Convert unstructured text to structured JSON data. Example:

Transform the following text into a JSON object: 'Great Expectations, a novel by Charles Dickens, was published in 1861. It's a remarkable piece of literature. Rating: 4.5'. The JSON should include 'bookTitle', 'author', 'publicationYear', 'comment', and 'rating'.

Data interpretation

Take existing JSON data and return records that match a set of complicated input criteria. Example:

Analyze the given JSON 'salesData' to identify the top 3 best-selling products. The output should be a JSON object with a list of 'topProducts' with 'product' and 'unitsSold'.

Our methodology

We wanted to see how well two popular LLMs generated structured data according to each prompt. So we created a benchmark comparing the following three models:

• OpenAI gpt-3.5-turbo
• GPT4All mistral-7b-instruct-v0.1.Q4_0
• GPT4All falcon-q4_0

We chose these models based on reputation as well as pricing. While OpenAI is the market leader, API pricing factors may cap how often and at what scale you can leverage it. GPT4All is free to use, as it runs locally on your own hardware and doesn’t impose any usage-based charges.

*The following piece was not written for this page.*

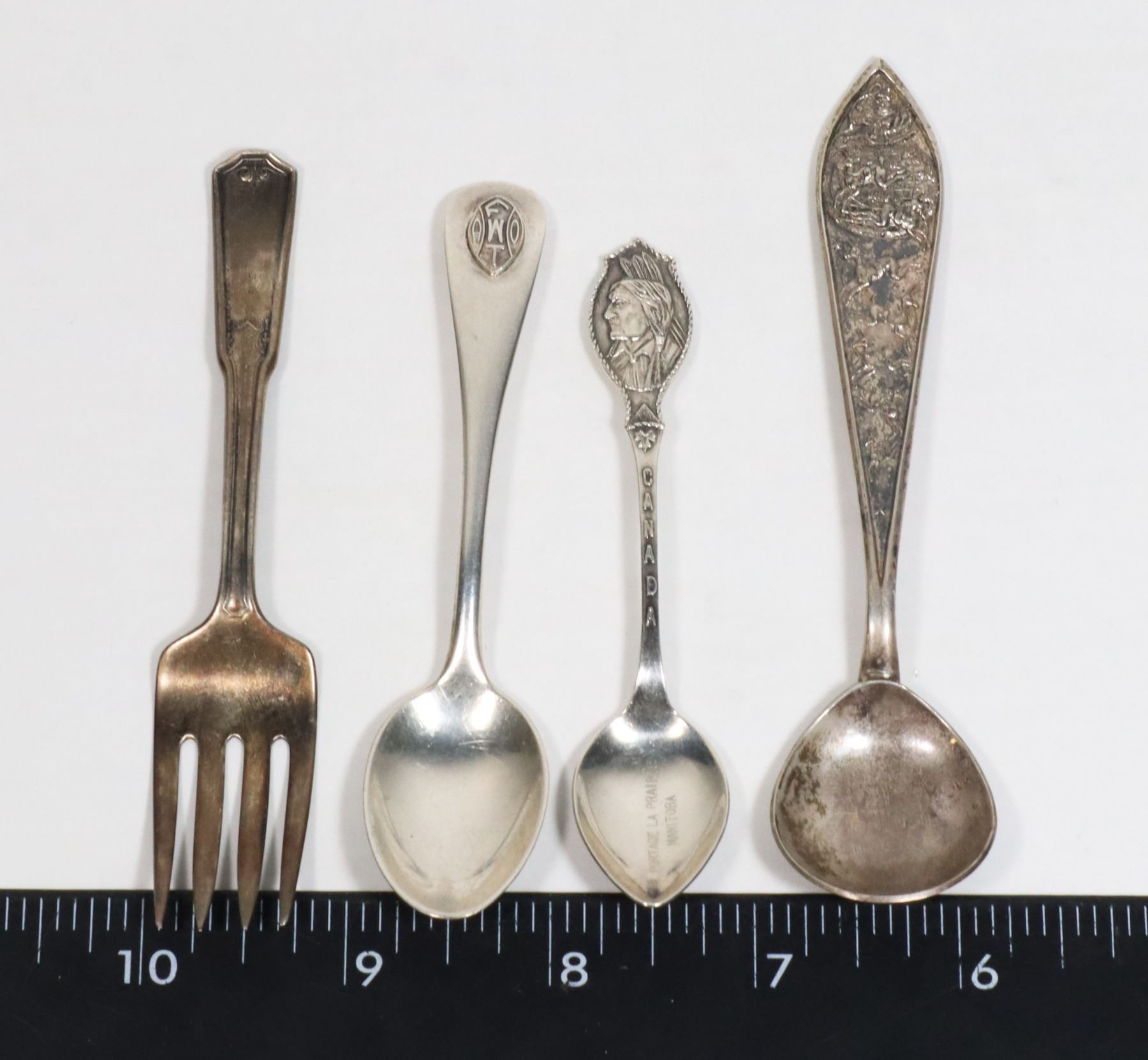4 STAMPED STERLING SILVER SPOONS, ONE IS BIRKS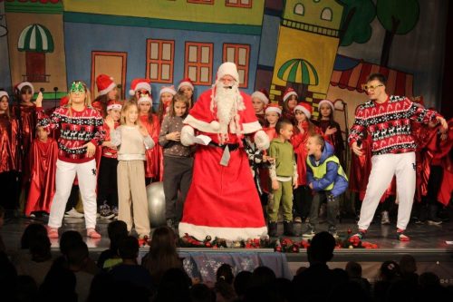 Наши глумци Јана Рокић, Никола Тодоровић, Горан Јоксић и Пеђолино заједно су са хором основне школе Јелена Миловановић и њиховом наставницом Анжелом Недељковић певали најлепше песме за децу, решавали загонетке и помагали нашем збуњеном Деда Мразу да се подсети који је његов најважнији задатак у новогодишњој ноћи.

For our tests, we created 10 prompts requesting structured output in JSON, with each prompt varying in size and complexity.

We structured each prompt as follows:

<Base prompt>

Input: ## If required

<Input JSON>

Output:

We then created four styles of prompts to test the different types of structured JSON output I noted above: synthetic structured data, data filtering, data conversion, and data interpretation.

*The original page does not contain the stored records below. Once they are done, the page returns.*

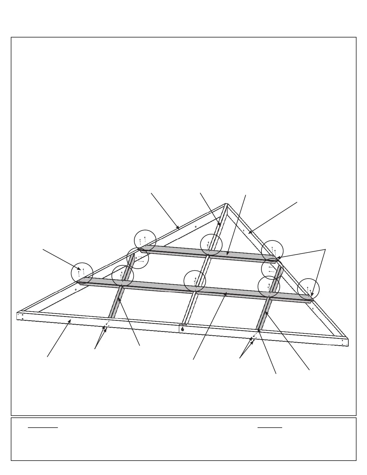 E: Place one (1085) Long Strap in the notches of (1080) LT Corner Rafter, (1081) RT Corner Rafter and (1088)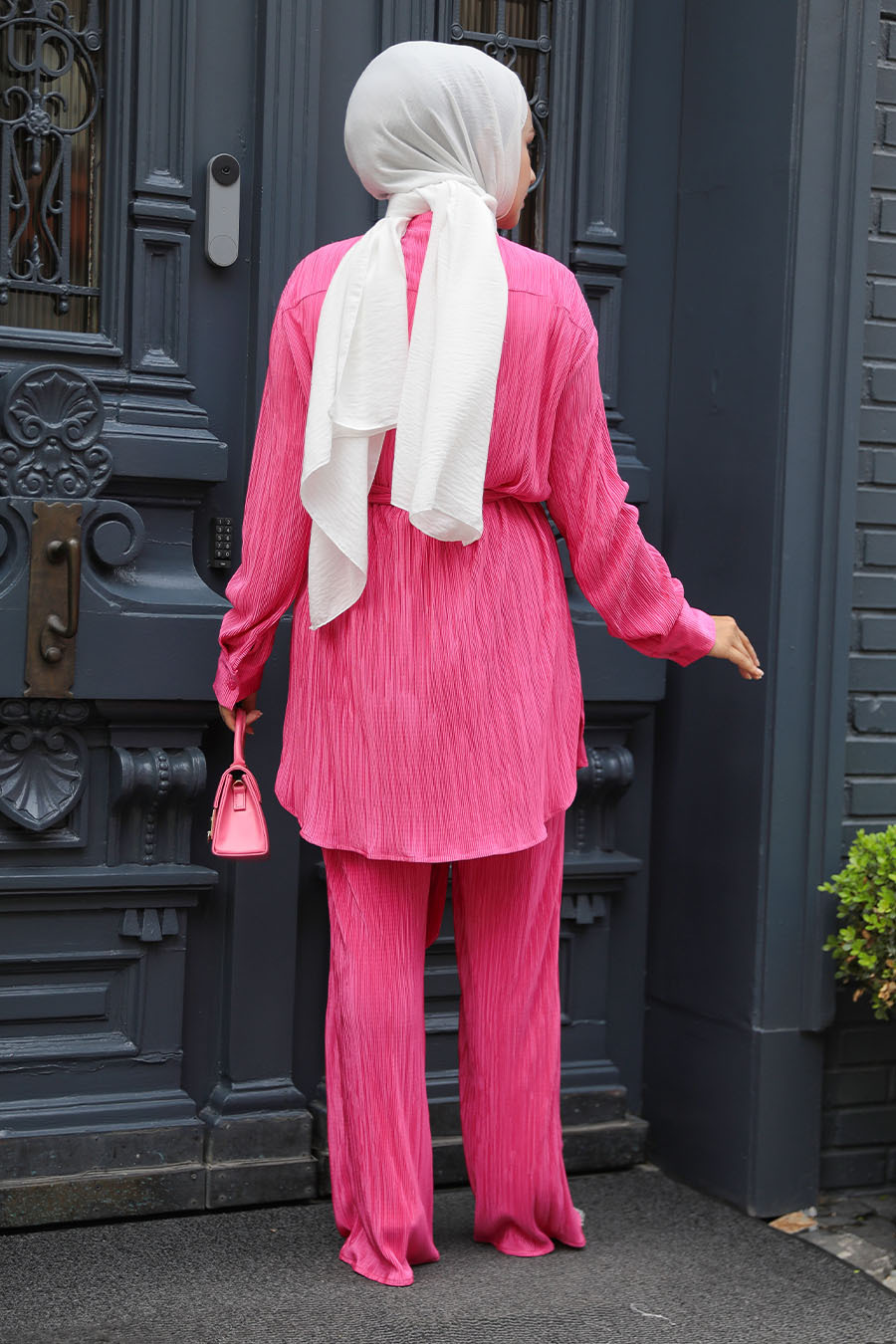 Kumaş Özelliği: %100 Polyester kumaştan üretilmiştir.Ürün Özelliği: Klasik yaka, uzun kollu, manşetli, tokalı kemerli, pileli, ön ortadan düğmeli, pantolon belden lastikli ve boru paçadır.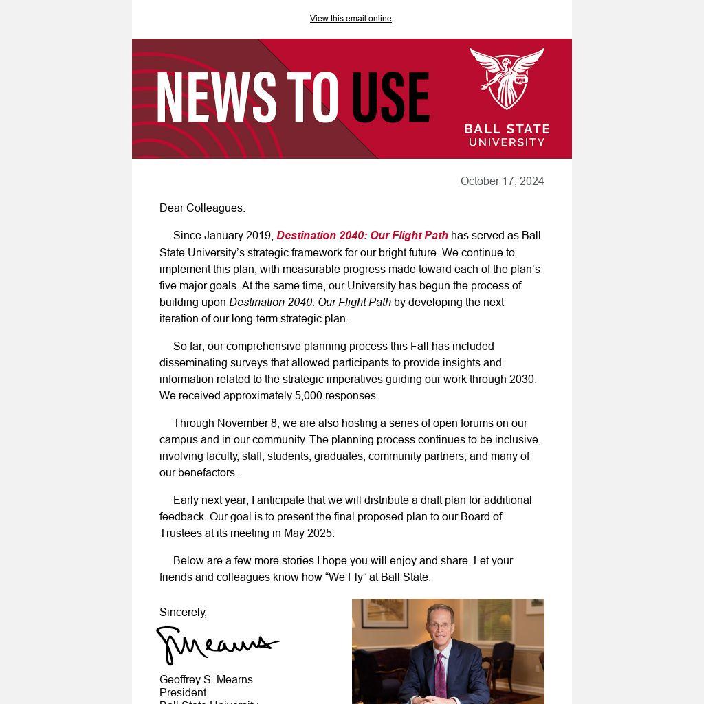 Copyright © 2024 Ball State University, All rights reserved. News and updates from Ball State's president.

We ran these through a data pipeline and then scored the responses to all 10 prompts numerically using the following criteria:

• Schema compliance. Did the LLM return the format we requested in our prompt and context? We measured this by comparing each response with an expected schema, which we evaluated using the Python jsonschema library.
• Completeness. How often did the LLM return the fields we requested? For this, we used a count of the fields in the generated output.
• Type accuracy. How often did the LLM return data of the type and/or format that we requested (e.g., numeric data vs. a string, length-limited strings, correct data format)? For this, we compared the actual type to the expected type?
• Content accuracy. How many returned filtered records matched the criteria we provided? In this case, we compared the actual results to a pre-set list of expected results. (Note that we only applied this to the non-synthetic structured data cases.)

The results

Here are the overall results, along with a breakdown of how well each model performed in the four types of data tasks we listed above.

Overall comparison

Here’s how each model compared in terms of mean type accuracy, mean schema compliance, and mean content accuracy: For content accuracy with non-synthetic data, gpt-3.5-turbo outperforms all of the others and is the clear winner. Mistral is better for generating correct types and for schema compliance.

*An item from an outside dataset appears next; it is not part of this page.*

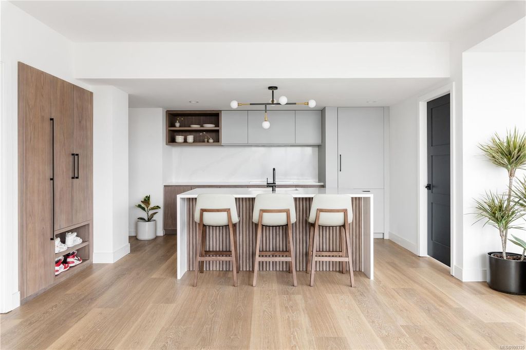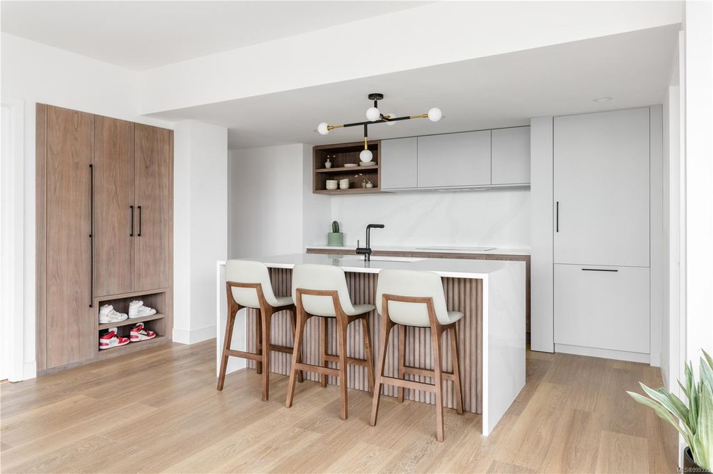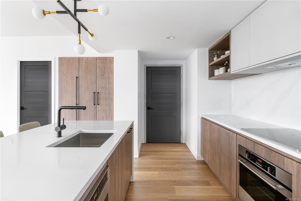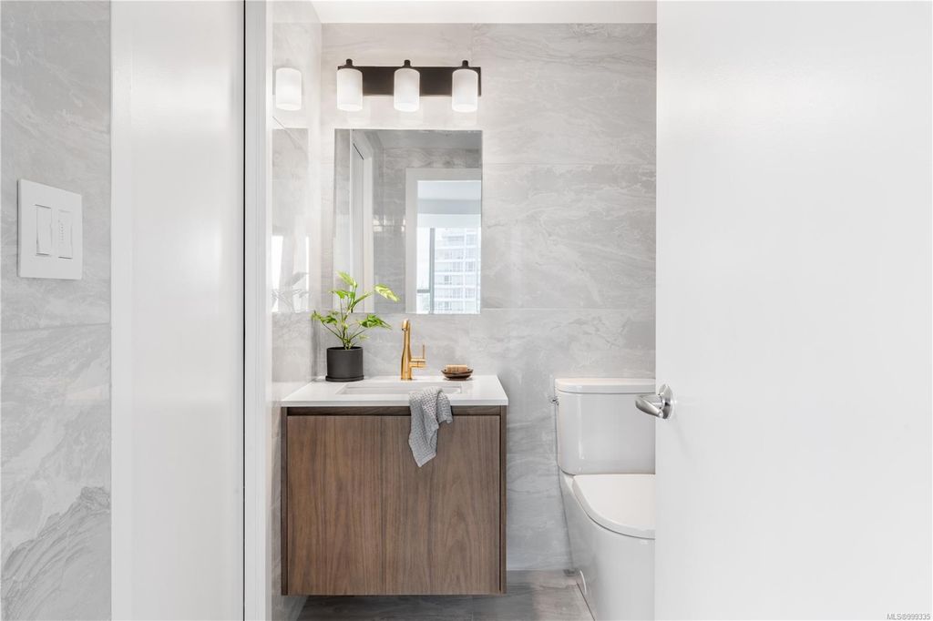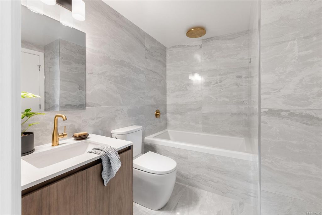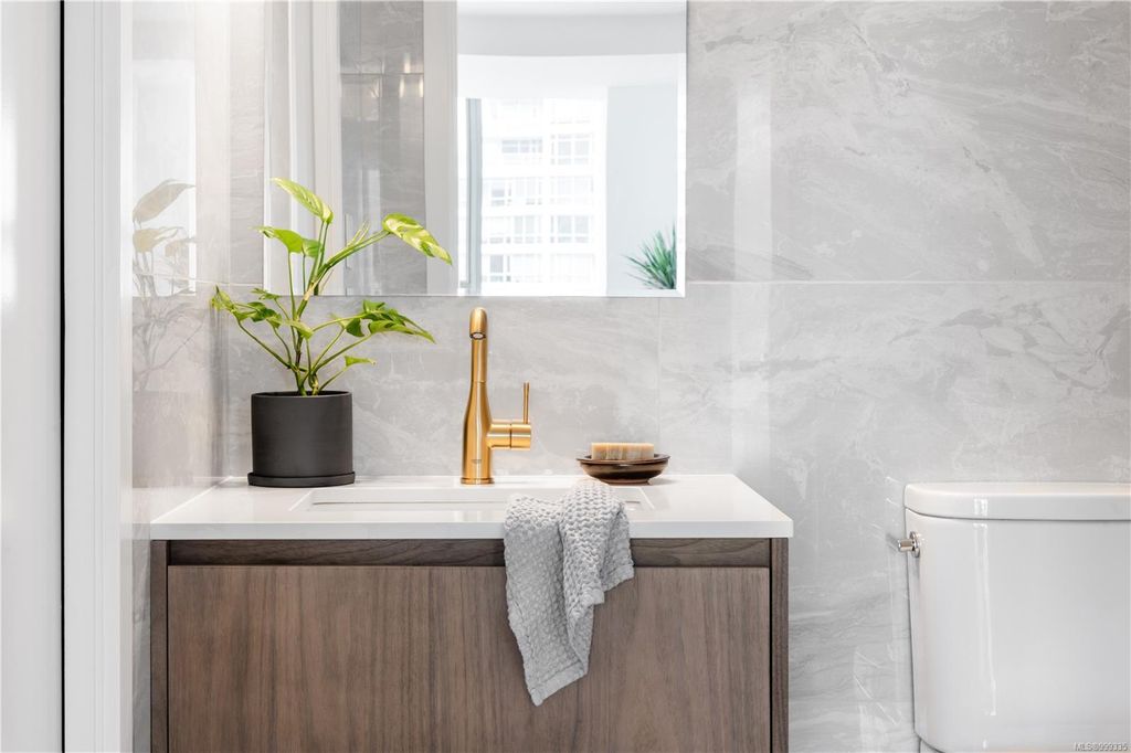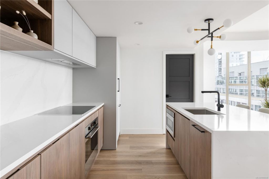 One of the more superior renovated condos in Downtown Victoria, this is Unit 901; a true, top-of-the-line finish, completely remodelled and tech-updated corner unit in the iconic Art Deco Juliet building. The southeast-facing 9th-floor condo boasts luxurious finishes, including Buster+Punch hardware, a Thomas+Birch custom kitchen w/ wood millwork, quartz countertops and backsplash, premium S/S appliances, motorized curtains, and a fully tiled 4-piece bath. A one-of-a-kind rounded wall of floor-to-ceiling glass provides stunning panoramic city views, extending to the Olympic Mountains and the Dallas Rd waterfront. The exceptional layout features two well-separated bedrooms, a custom feature wall with office stand, bar, and in-unit laundry. Building features inc Rooftop w/ 360-degree views and BBQs, unrestricted rentals, and pet friendly. This condo is ideal as a great investment or a perfect home, steps away from shopping, dining, and all Downtown Victoria offers.

Mistral is overall better for synthetic data. We’ll look at those numbers in more detail below.

In addition, Mistral is much faster than gpt-3.5-turbo. It outperformed gpt-3.5-turbo by 2x in our benchmarks.

As for Falcon? Falcon is the fastest of the three but also the least accurate.

Synthetic structured data comparison

Here’s how each model compared in terms of both completeness and type accuracy:

GPT4All’s Mistral is the clear winner for synthetic data. It had 97% type accuracy and 83.3% schema compliance. It also outputs zero incomplete fields.

Falcon was the fastest of the models that we measured. But Mistral wasn’t far behind. OpenAI lagged, taking almost 2x the time that GPT4All took.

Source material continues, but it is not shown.